Video: Paying for health care

updated 2/23/2004 7:32:18 PM ET 2004-02-24T00:32:18

Almost a third of Americans say paying for prescription drugs is a problem in their families, and many are cutting dosages to deal with the crunch, according to a poll by The Associated Press.

Nearly two-thirds of those surveyed in the AP-Ipsos poll said the government should make it easier to buy cheaper drugs from Canada or other countries.

Carol Valentine of Melbourne, Fla., said she lost her job after having surgery and faces $600 to $700 in drug bills each month without any insurance to pay for them.

Without a local clinic’s help paying for those drugs, “I’d be dead,” said Valentine, who is 52 and disabled. “A lot of people I know skip meals because they can’t afford medicine.”

The poll conducted for the AP by Ipsos-Public Affairs found most Americans either take prescription drugs or someone in their family does. Of those, 33 percent said their families have trouble paying at times. Of those with such trouble, three-fourths say the solution often is to cut back on the dosage.

The high cost of prescription drugs will be an important issue in the presidential campaign, said eight in 10 in the poll. Almost half said it will be “very important.”

“This still needs to be dealt with,” said Carolyn Keenan, a 57-year-old assistant principal from Gibson Island, Md. “There are a lot of elderly people who do not think they’re going to get the help they need.”

Key issue in upcoming election
In November, Congress passed a Republican-written Medicare prescription drug benefit that goes into effect in 2006. While it will help many seniors pay for medicine, it also increases the role of private insurance in the Medicare system. In early December President Bush signed it into law.

Despite the new law and its $534 billion cost over the next decade, 52 percent of those polled said Democrats were more likely to make prescription drugs more affordable; 33 percent said Republicans would do better at it.

Two popular steps that could have made prescription drugs more affordable were forbidden by the new law:

  • Letting Americans import drugs from Canada, Mexico and other countries, an idea supported by 65 percent of those polled for the AP.
  • Giving the government authority to negotiate with pharmaceutical companies for lower drug prices, favored 71 percent.

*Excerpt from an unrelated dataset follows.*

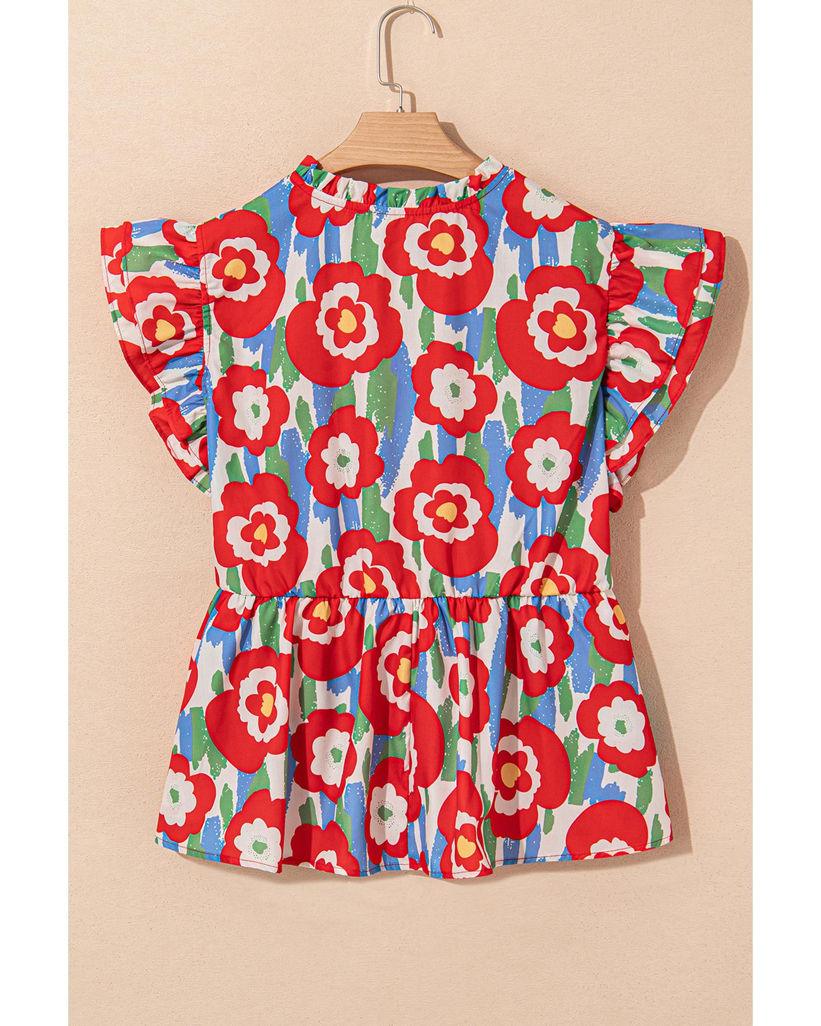 Red Plus Size Floral Print Ruffle Trim Split Neck Peplum Top - 1X

Both Democrats and Republicans have been looking for ways to turn the drug debate to their advantage.

Democrats have sharply criticized gaps where patients have to pick up the entire cost of medicine.

GOP strategists have advised those in their party to emphasize the new benefits rather than other changes in the Medicare program and to remind people that the changes are voluntary and only a start toward solving a problem affecting many seniors.

The complexity of the new law has left some people confused about whether they approve of it or not.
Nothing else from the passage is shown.